The data START

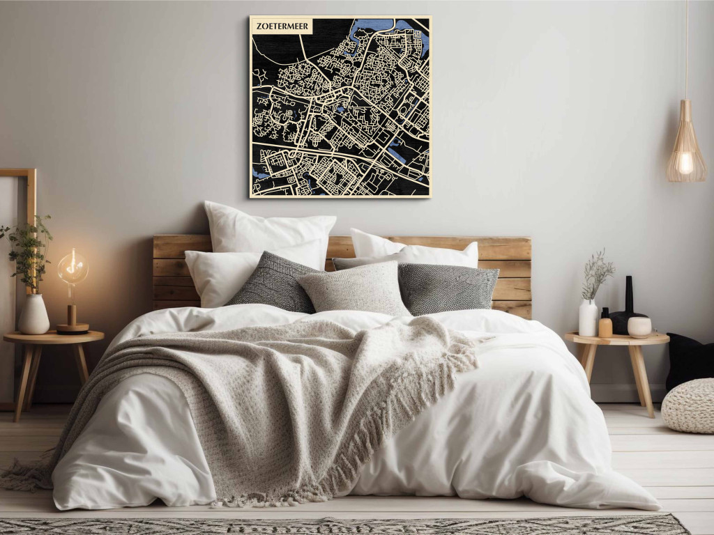 A rétegzett, lézervágott fa dekor Zoetermeer városszövetét, a centrumköröket és a lakónegyedeket összekötő főbb tengelyeket emeli ki tiszta, fókuszált kontúrokkal. A fa természetes textúrája nyugodt, barátságos jelenlétet biztosít, miközben a grafikus rajzolat rendezett, modern fókuszpontot teremt. Telepítése kényelmes és tiszta: fúrás nélkül, kétoldalas ragasztószalaggal javasolt rögzíteni sima, por- és zsírmentes, száraz falfelületre. A termék két méretben (48 × 48 cm; 70 × 70 cm) és három színben – Zöld (természetközeli), Fekete (letisztult kontraszt), Ében (elegáns mélység) – kapható. Ajándékként is univerzális, visszafogott és időtálló.
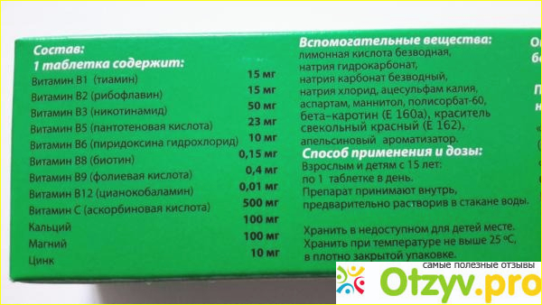 Как вы уже видите по фотографиям, в этом поливитаминном комплексе содержатся огромное количество минералов и витаминов, так необходимых для нашего организма. Ну практически таблица Менделеева!
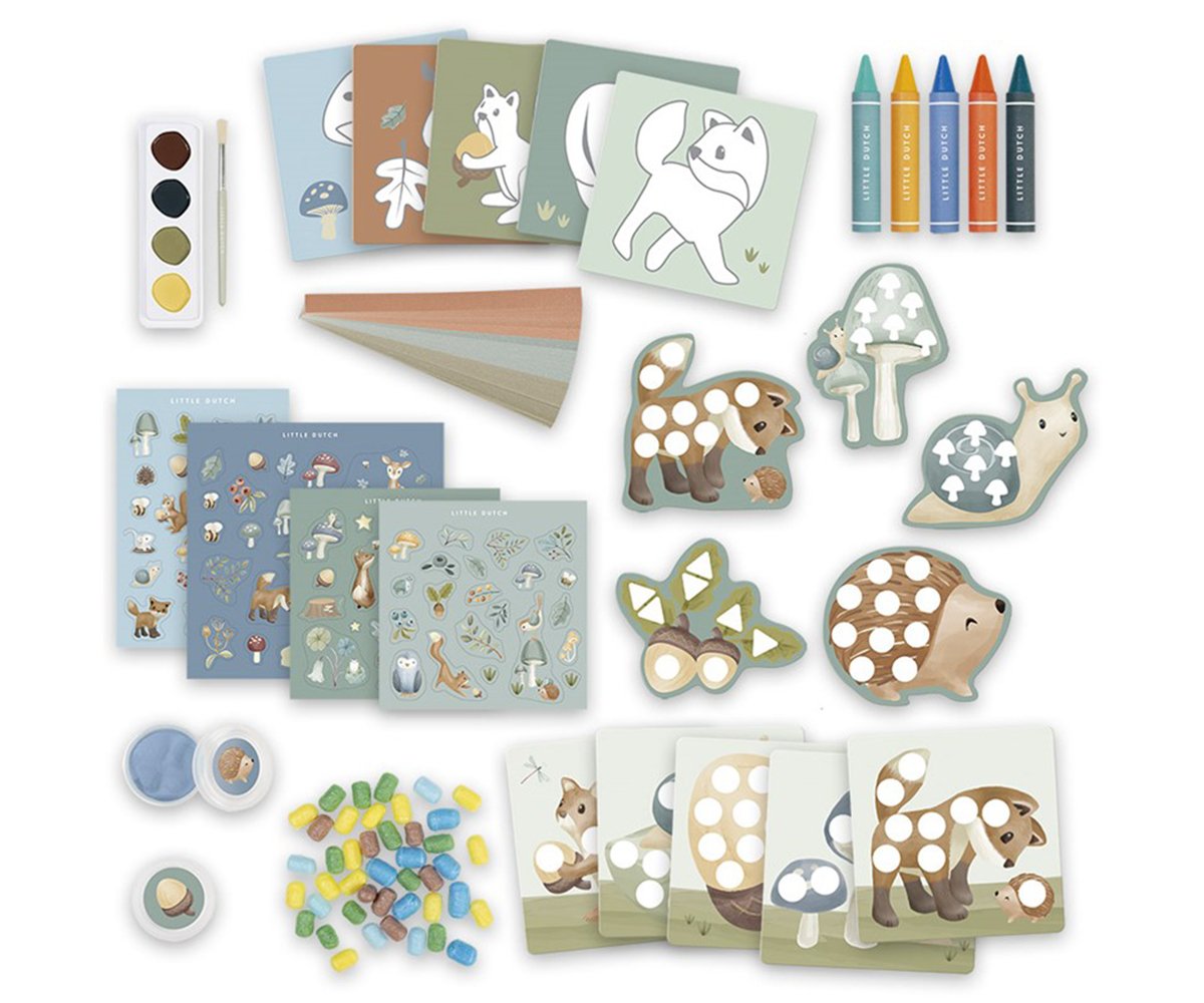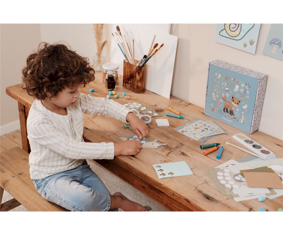 Presentada en una bonita caja resistente y llena de elementos coloridos, esta propuesta de Little Dutch lo tiene todo para que los pequeños artistas den rienda suelta a su imaginación. Incluye una amplia variedad de actividades: colorear, pintar, estampar, pegar, crear volúmenes y mucho más.

The data END

-- What is needed --
Leaving the pictures out, set down all of the data again exactly.

-- Solution for this task --
 A rétegzett, lézervágott fa dekor Zoetermeer városszövetét, a centrumköröket és a lakónegyedeket összekötő főbb tengelyeket emeli ki tiszta, fókuszált kontúrokkal. A fa természetes textúrája nyugodt, barátságos jelenlétet biztosít, miközben a grafikus rajzolat rendezett, modern fókuszpontot teremt. Telepítése kényelmes és tiszta: fúrás nélkül, kétoldalas ragasztószalaggal javasolt rögzíteni sima, por- és zsírmentes, száraz falfelületre. A termék két méretben (48 × 48 cm; 70 × 70 cm) és három színben – Zöld (természetközeli), Fekete (letisztult kontraszt), Ében (elegáns mélység) – kapható. Ajándékként is univerzális, visszafogott és időtálló.
 Как вы уже видите по фотографиям, в этом поливитаминном комплексе содержатся огромное количество минералов и витаминов, так необходимых для нашего организма. Ну практически таблица Менделеева!
 Presentada en una bonita caja resistente y llena de elementos coloridos, esta propuesta de Little Dutch lo tiene todo para que los pequeños artistas den rienda suelta a su imaginación. Incluye una amplia variedad de actividades: colorear, pintar, estampar, pegar, crear volúmenes y mucho más.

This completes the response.